Book a free initial callCountdown extensions solve a communication problem that plain text cannot
When a trade fair starts in 23 days, when the early bird offer expires at midnight or when the new shop goes live on 1 May, a sentence like “just a few days left” is not enough. Users react to ticking clocks much more strongly than to static dates, and on a TYPO3 page the simplest variant is to add a visible countdown timer.
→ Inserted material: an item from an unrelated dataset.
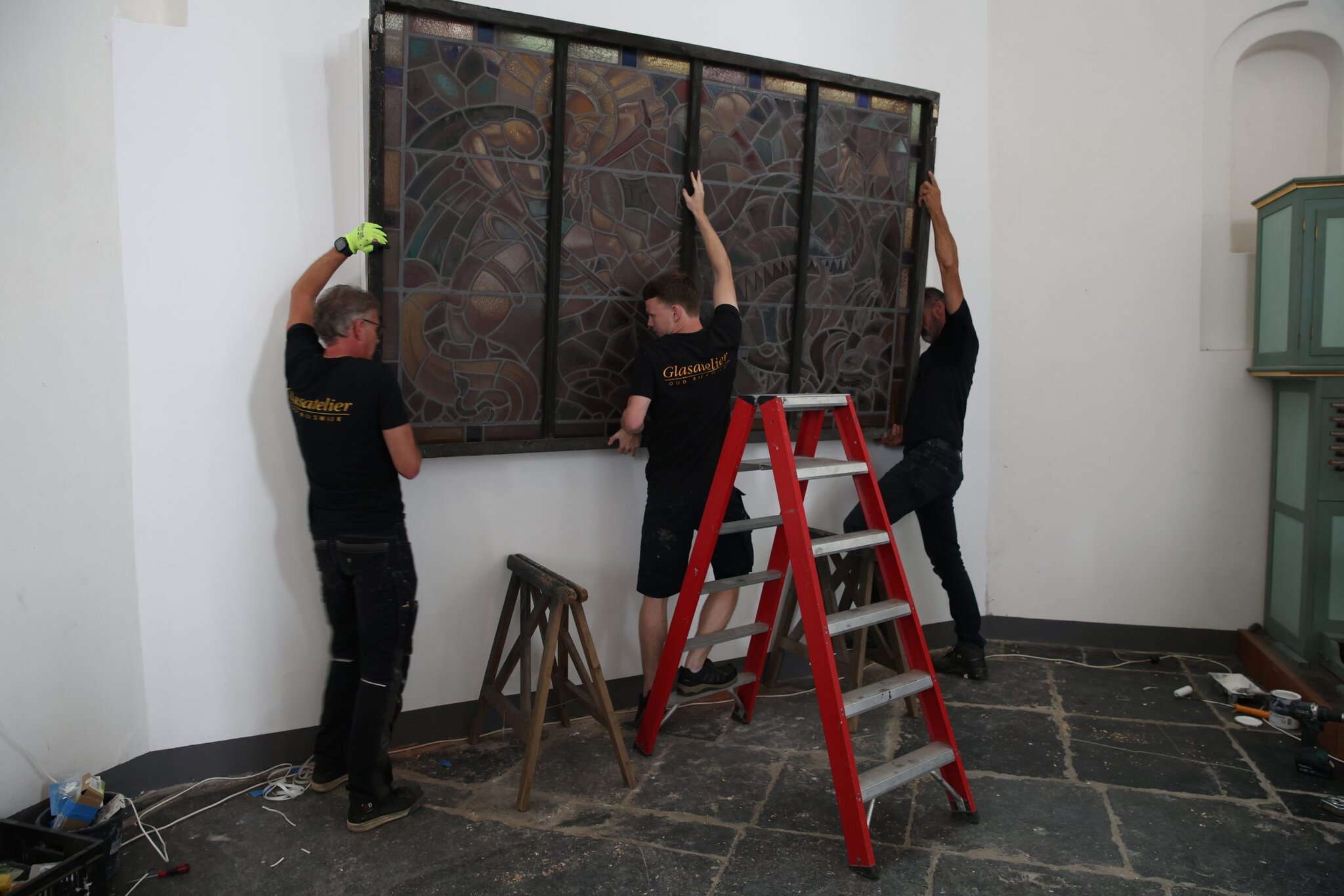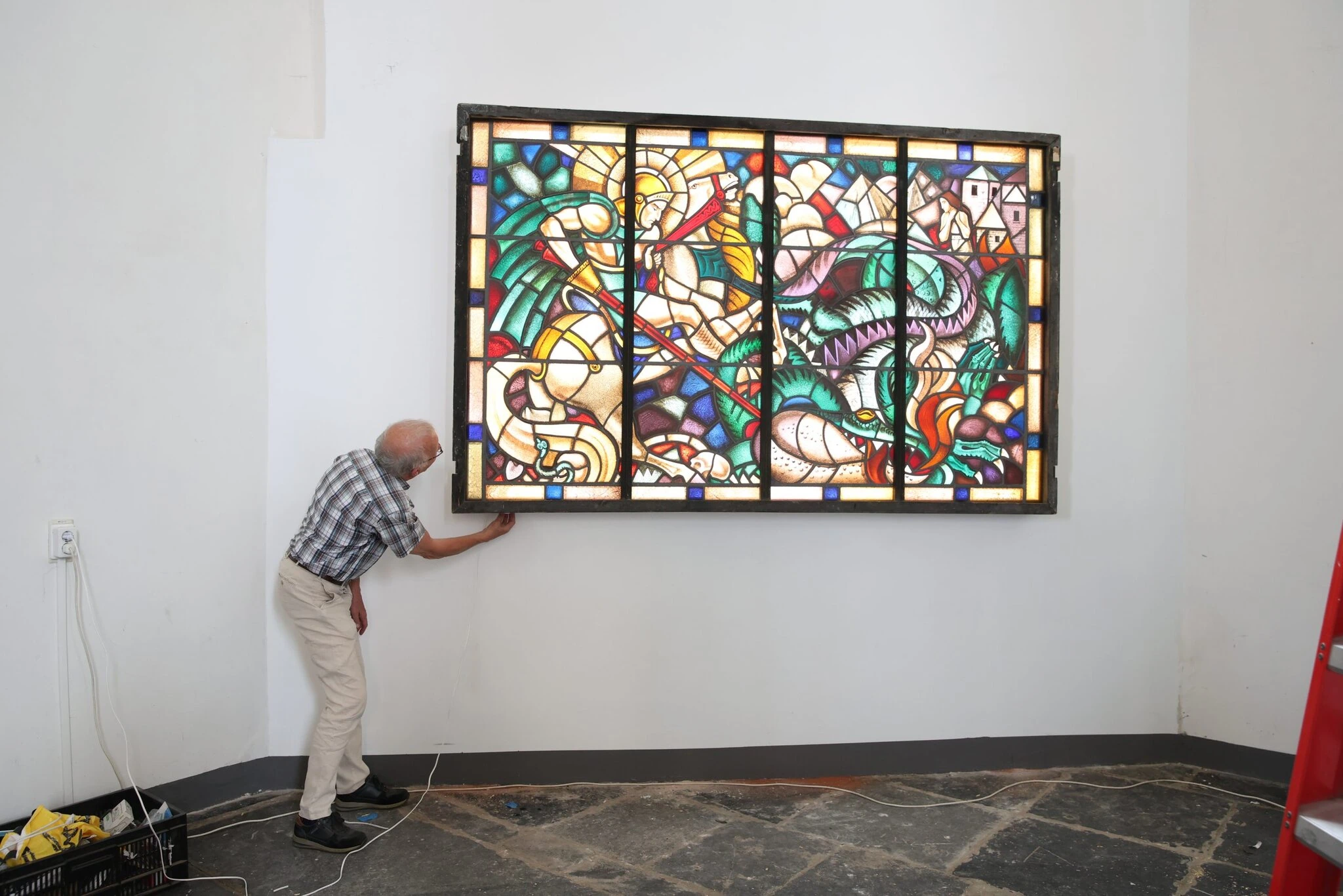 Vanaf vandaag is de Sint-Joriskerk weer een kunstwerk rijker: een glas-in-lood over Sint Joris en de Draak. Het hangt per vandaag aan de noordbeuk van de kerkzaal.

Several TYPO3 extensions from the TER offer this functionality, the best known is simply called “countdown”. For every corporate website with event announcements, product launches or limited-time campaigns, this is a recurring requirement that without an extension usually ends up as a custom JavaScript hack. The choice between extension and in-house solution rarely comes down to technology, but to the question of who should maintain the countdown in the editorial team.
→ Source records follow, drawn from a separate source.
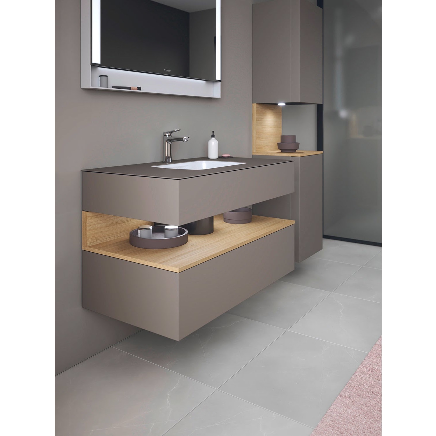 Duravit Qatego Einbauwaschtisch mit Konsolenwaschtischunterbau 80 x 60 cm, 1 Auszug, mit LED Beleuchtung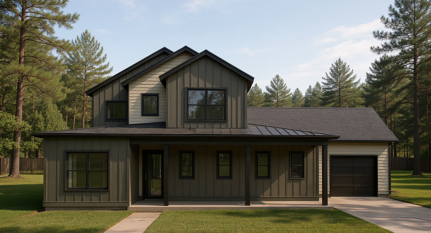 modern house exterior with a minimalist design light gray lap siding dark gray board and batten siding on the main structure charcoal gray asphalt shingle roof large windows with clear glass garage doors in sleek black smooth dark asphalt driveway only in front of garage door on the right driveway is on the side of the house serene afternoon light with a clear blue sky casting soft shadow landscaping including shrubs around the perimeter and neatly trimmed grass for a polished finish low mountains in the background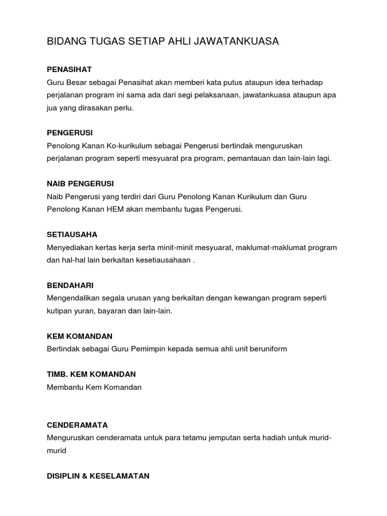 Download Full PDF Package. Menerima laporan kegiatan unit kokurikulum pada akhir tahun daripada setiausaha kokurikulum penolong setiausaha kokurikulum dan. Unit Sukan Kokurikulum PKB Bidang Tugas Jawatankuasa Ketua Biro Mengetuai satu kumpulan kecil ahli bagi melaksanakan sesuatu tugas yang ditetapkan mengikut biro Menjalankan tugas mengikut ketetapan perlembagaan Membantu pengerusi dan setiausaha melaksanakan tugas yang telah ditetapkan mengikut perlembagaan persatuan.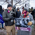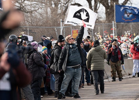 What a very odd day. I arrived at the Whipple Federal Building in Minneapolis early for a planned “press conference” by J6er and white supremacist Jake Lang. Almost immediately the clashing camo wearing wanna-be Klan member (they’d never let him into the Klan, he’s Jewish) arrived riding in the back of a U-Haul.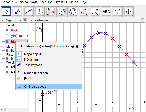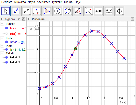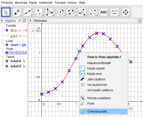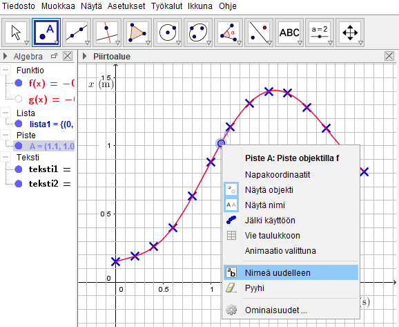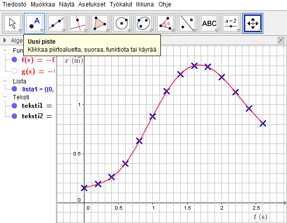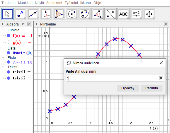 Siirrä piste oikeaan kohtaan joko hiirellä tai kirjoittamalla koordinaatti Algebra-ikkunassa.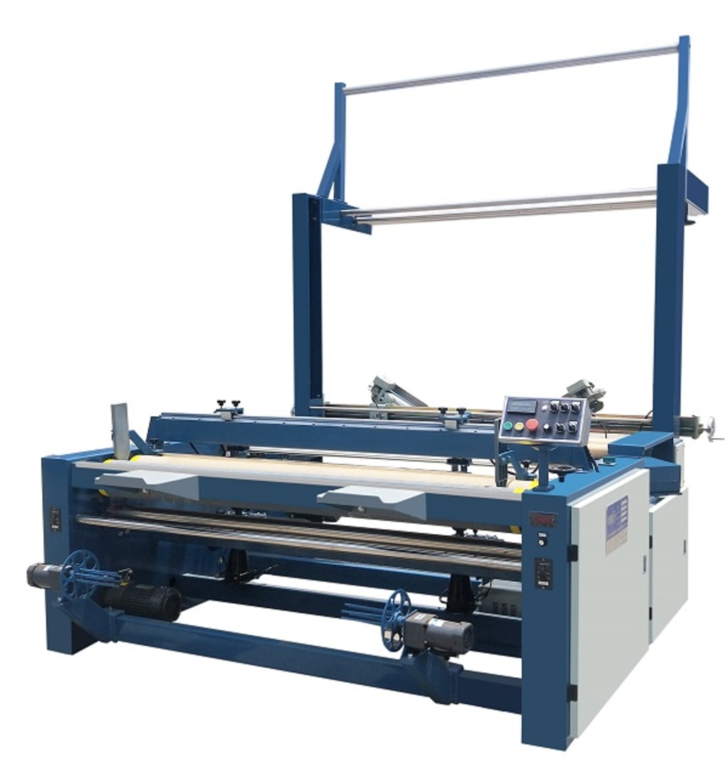 The SUNTECH ST-USCM cloth roll cutting machine may be used to trim the selvedge of fabric or to cut it into stripes.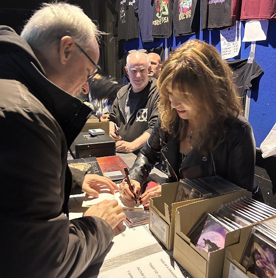 Nos miramos asombrados y, por supuesto, bajamos de inmediato, llevando una gran bolsa con lo que había preparado: CDs de “Kiss In A Dragon Night” y “Tiger”, además de algunos vinilos picture disc de “Kiss In A Dragon Night”. En efecto, en el puesto de merchandising había gente esperando para felicitar al grupo, hacerse fotos y comprar los CDs. Fueron muchas las felicitaciones que recibieron y los buenos comentarios que nos hicieron llegar. Me llamó la atención uno de los asistentes, totalmente entusiasmado con la banda. Nos dijo que él era guitarrista y que estaba alucinado con el nivel de Gustavo Martín, y que la banda era buenísima. Y que compraría todo lo que tuviéramos disponible. Y así hizo, adquirió los 2 CDs y el picture disc. Y porque no teníamos más cosas, se hubiera llevado lo que fuera. ¡Qué pasión!

Typical use cases range from trade fairs to e-commerce campaigns
The first scenario is trade fairs and conferences. An association announces its annual conference six months in advance and wants to make the remaining time visible, ideally with days, hours, minutes and seconds. The countdown runs on the landing page, switches over in the final 24 hours and disappears automatically after the event ends, without an editor having to adjust the page. That saves maintenance effort and also prevents awkward situations such as a counter that continues to show a negative value after the event.
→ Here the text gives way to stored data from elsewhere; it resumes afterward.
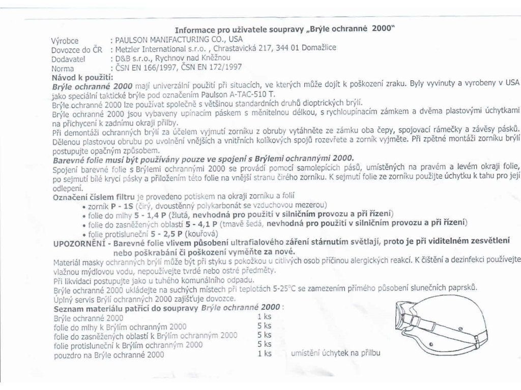 - Kompletní nové ochranné brýle včetně krycích folií a příslušenství.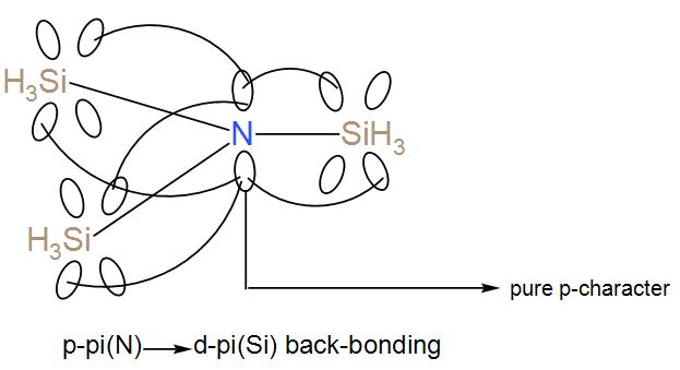 We can understand from the above discussion that due to $p\pi \left( N \right)\to d\pi \left( Si \right)$ back-bonding and steric factors, ${{\left( Si{{H}_{3}} \right)}_{3}}N$ it is $s{{p}^{2}}$ hybridised and ${{\left( C{{H}_{3}} \right)}_{3}}N$ nitrogen is $s{{p}^{3}}$ hybridised.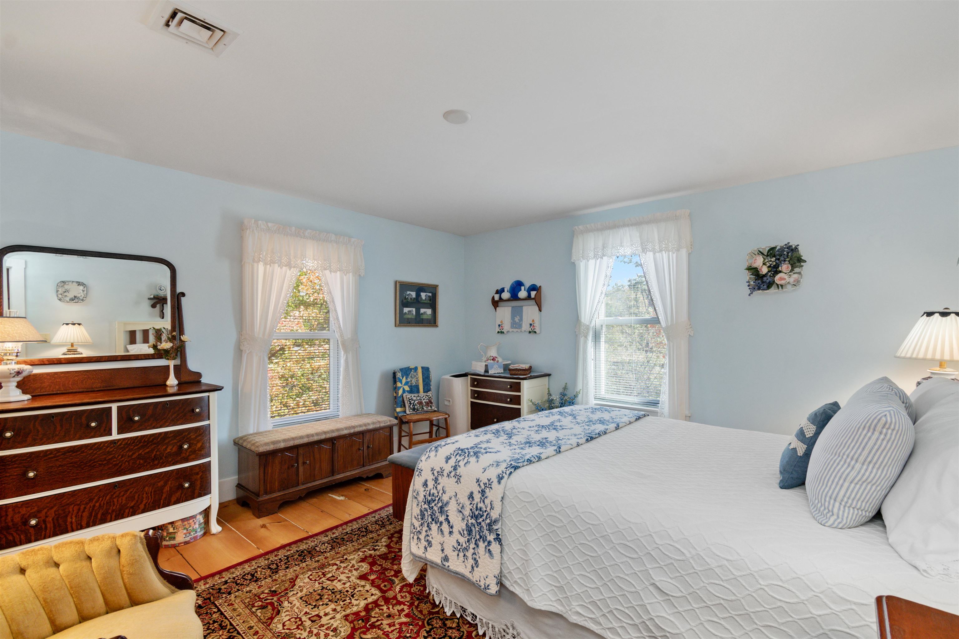 Welcome home! This Vermont farmhouse set on over 55 acres near Elm Hill Farm will leave you breathless. The vintage details are unmatched including wide-plank wood floors throughout, original sliding pocket doors, vintage light fixtures, board-and-batten walls, and a charming checkered tile entry. A spacious foyer welcomes you into the main level, open to a formal sitting room which transitions into the formal dining space. The kitchen offers easy flow to both formal and casual dining spaces, creating a perfect layout for everyday living and entertaining. An additional cozy family room centers around a hand-laid stone fireplace. Large windows fill the living areas with natural light, a main-level office provides flexibility for remote work, creative space, or study. Upstairs, four generous bedrooms & two full baths provide peaceful retreats with classic farmhouse character and ample storage. Outside, two covered front porches invite quiet moments and seasonal enjoyment. A new barn-style garage with concrete floor offers great space for storage, workshop use, or hobbies. The 55-acre parcel includes open pasture currently hayed by a local farmer and borders Vermont-protected wetlands that enhance the natural views and privacy. A separate-entry apartment offers flexible living or income potential. Great opportunity for multi-generational living or a family homestead. Recent updates include a newer furnace, windows, roof and central AC. Conveniently located near in Colchester VT.

A second scenario is product launches and pre-order windows. E-commerce projects based on aimeos or external shops use countdowns on landing pages to bind customers to the launch date. For pre-orders, the countdown acts as a urgency signal and demonstrably lifts conversion rates.
A third scenario are application and submission deadlines. Universities show a countdown to the deadline on the application page, associations use it for early bird prices, public institutions for submission deadlines of public tenders. Here it is not about marketing but about service: visitors should be able to see at a glance how much time they have left. For application portals in the academic space this is practically standard, because grant applications work with a fixed deadline and a hard cut-off time.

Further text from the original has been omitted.